Capacity
Lately, I’m very aware of capacity. It’s not functional like bandwidth. It’s not like resilience and the ability to recover. It’s the internal room to hold, process, and respond to what life is presenting.
My personal inner container has always been able to hold… a lot. Though now, I’m no longer interested in how much I can hold. I’m interested in what is healthy for me to hold, and what I can hold sustainably without losing my center.
My tolerance for toxicity, for unnecessary chaos, even for my own husband’s missteps, is stretched thin. The emotions are louder, the edges sharper, and there’s a particular fatigue that comes from a season that asks too much without warning. But as with all the perimeno badasses, we have to go through it - there’s no way around.
So I’ve been meditating on capacity. And it’s been showing up less as a container and more as a weather system. It feels like I’m living in the eye of the storm. Around me: the noise, the mess, the pace of life, the demands. Inside: a strange, unwavering calm. From this center, I can see what’s spiraling around me and what is not mine to absorb. I can feel what deserves my movement, and what is asking to be released. I can watch the world tilt and still choose to remain steady.
But I’m human. I step into the wind. I get caught in the swirl. And once I’m in it, the view disappears. Everything becomes noise. The ground goes missing. You can’t see the shape of anything when you’re being spun by it.
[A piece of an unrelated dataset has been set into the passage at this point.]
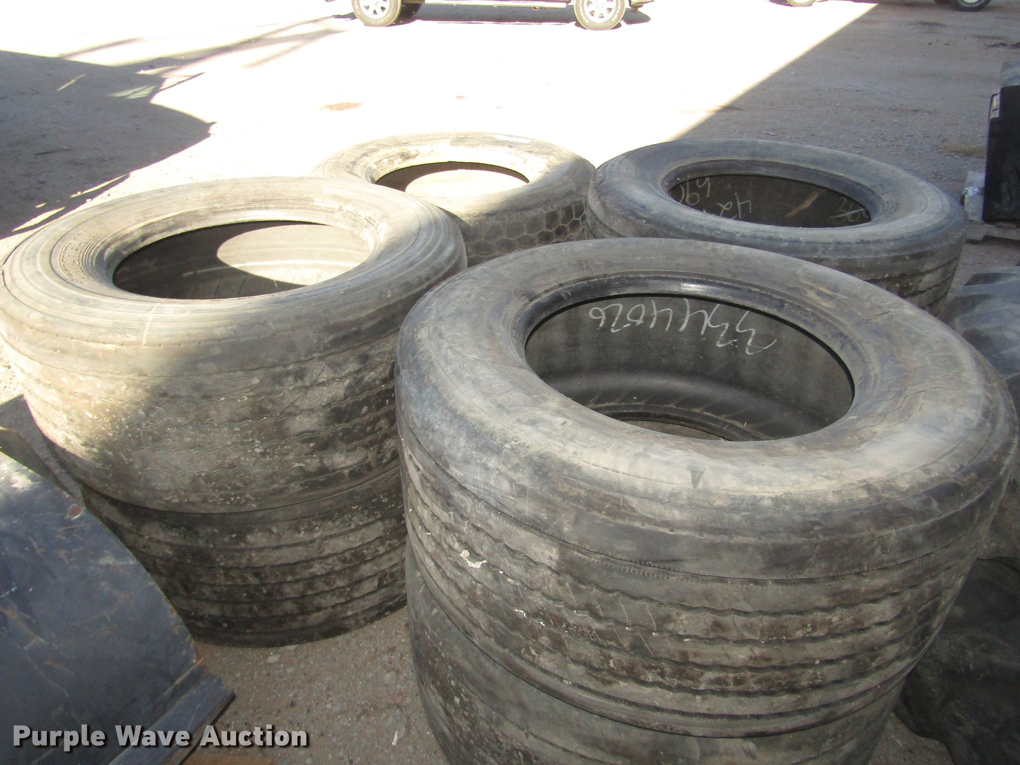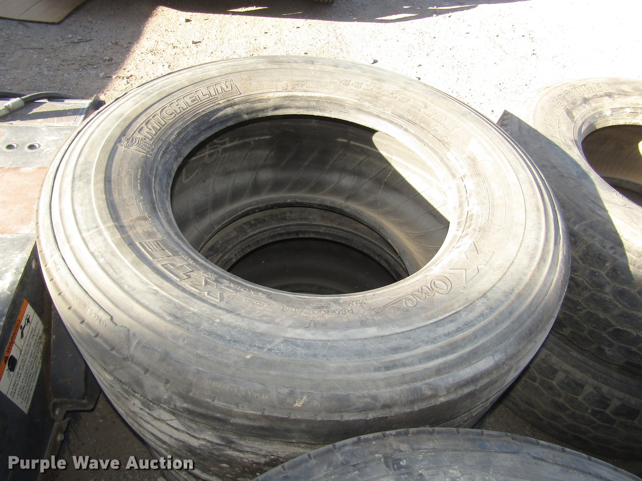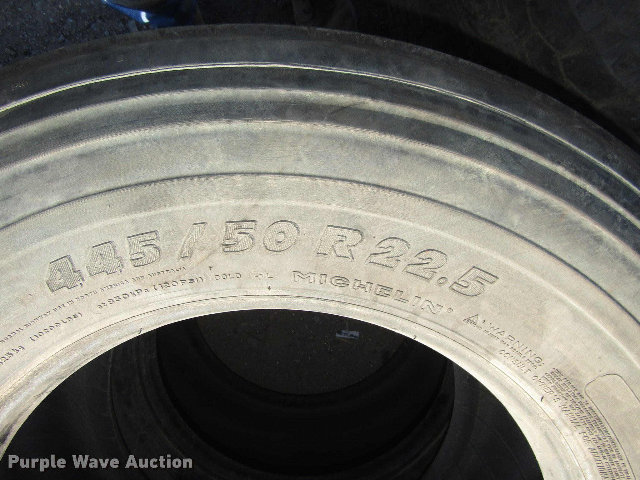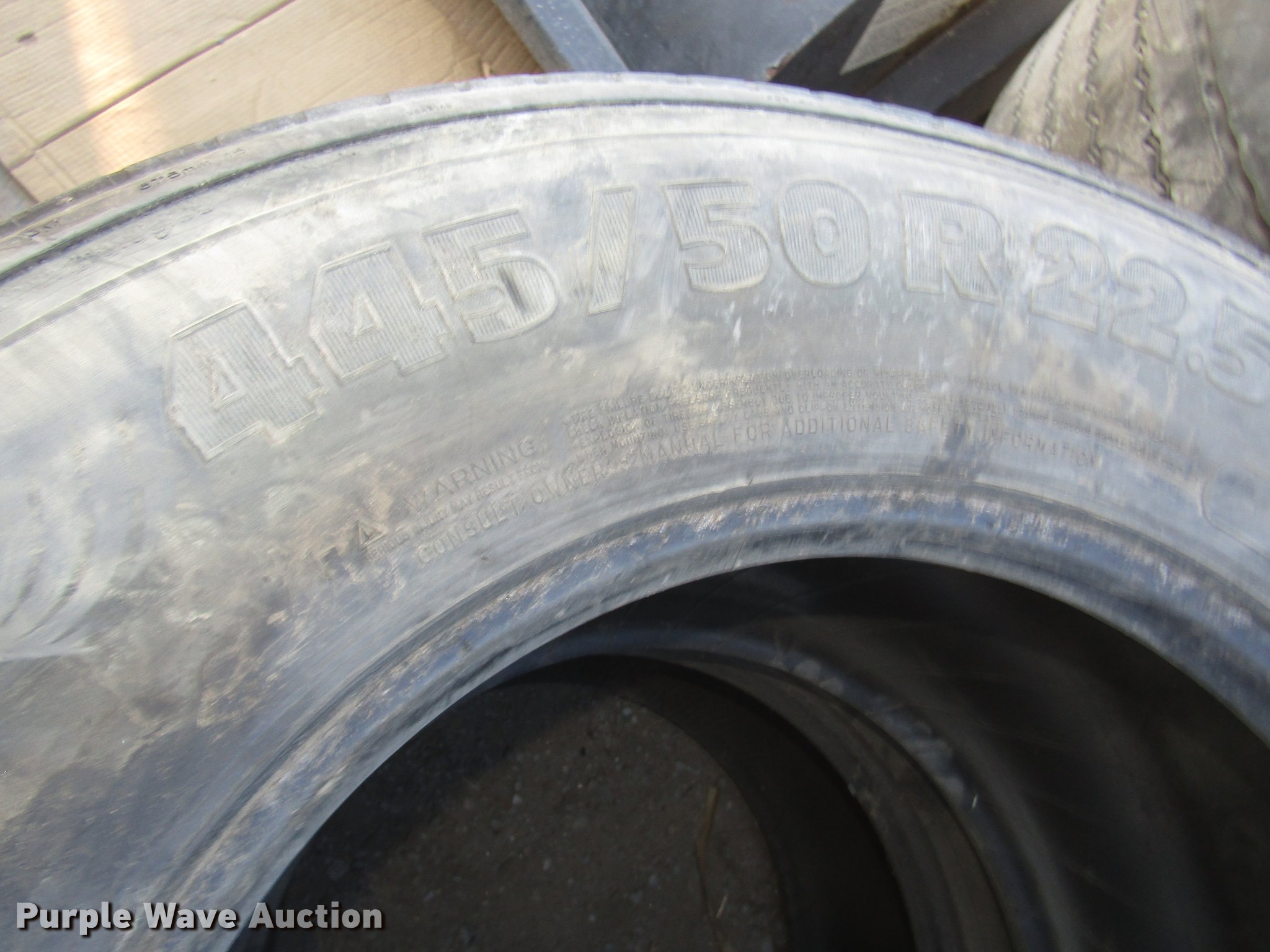 Purple Wave is selling a used Fleet Tires in Nebraska. This item is a (8) super single tires with the following: (5) Michelin 445/50R22.5, Goodyear 445/50R22.5, (2) Bridgestone 385/65R22.5
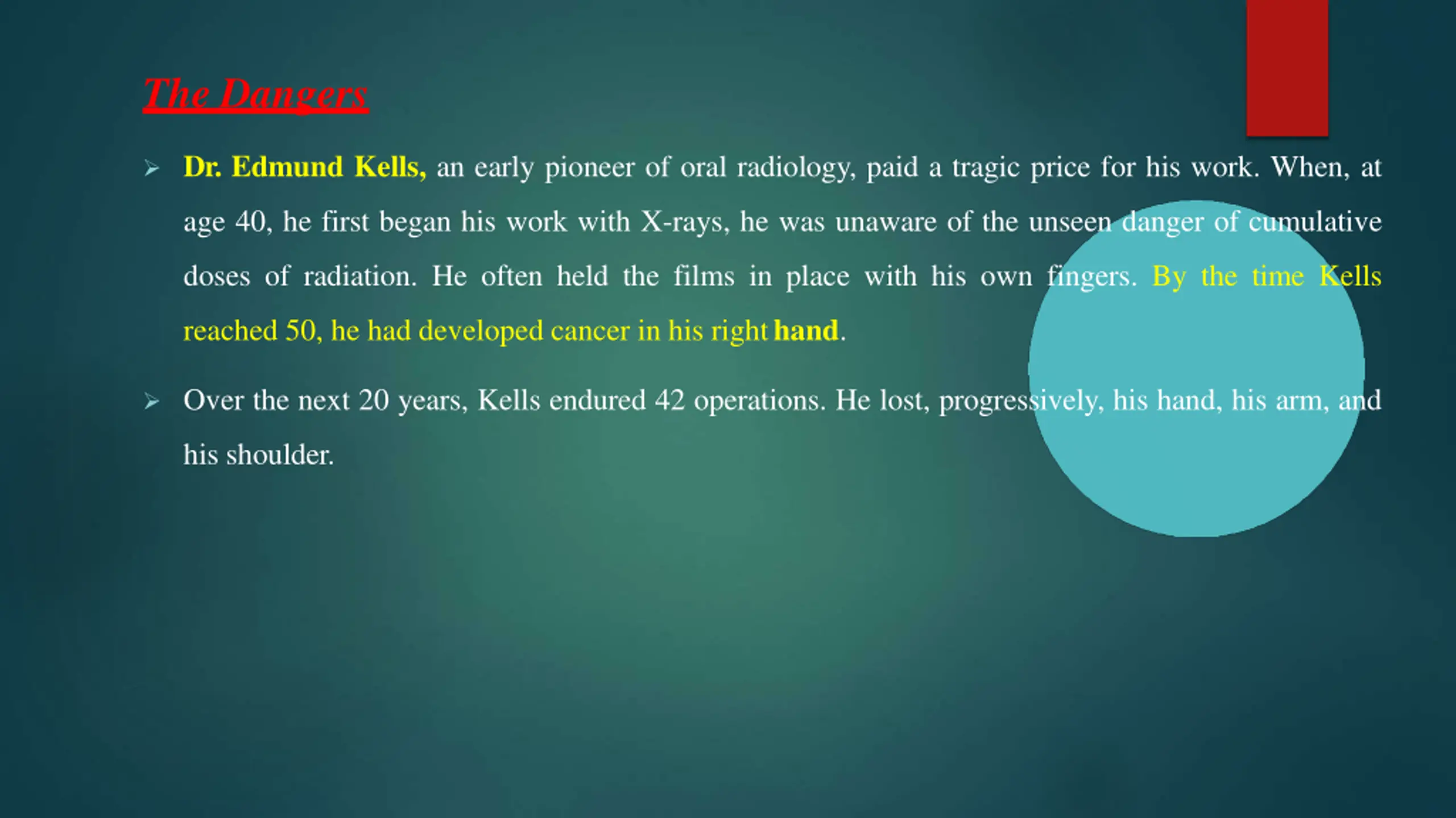 The Dangers Dr. Edmund Kells, an early pioneer of oral radiology, paid a tragic price for his work. When, at age 40, he first began his work with X-rays, he was unaware of the unseen danger of cumulative doses of radiation. He often held the films in place with his own fingers. By the time Kells reached 50, he had developed cancer in his righthand. Over the next 20 years, Kells endured 42 operations. He lost, progressively, his hand, his arm, and his shoulder.

So I have to learn my way back. Over and over.
Motherhood makes this navigation more intricate. Even if life were gentler, the constant hum of responsibility—the visible and invisible lists, the emotional attunement, the weight of tending to other universes—keeps me orbiting that eye of the storm, often holding things I didn’t realize I’d picked up on behalf of others.
So this is the work of capacity I’m on: not expanding endlessly, but returning. Returning to the place where I can see again. The place that steadies me long enough to gather myself before the next gust of life pulls at the edges.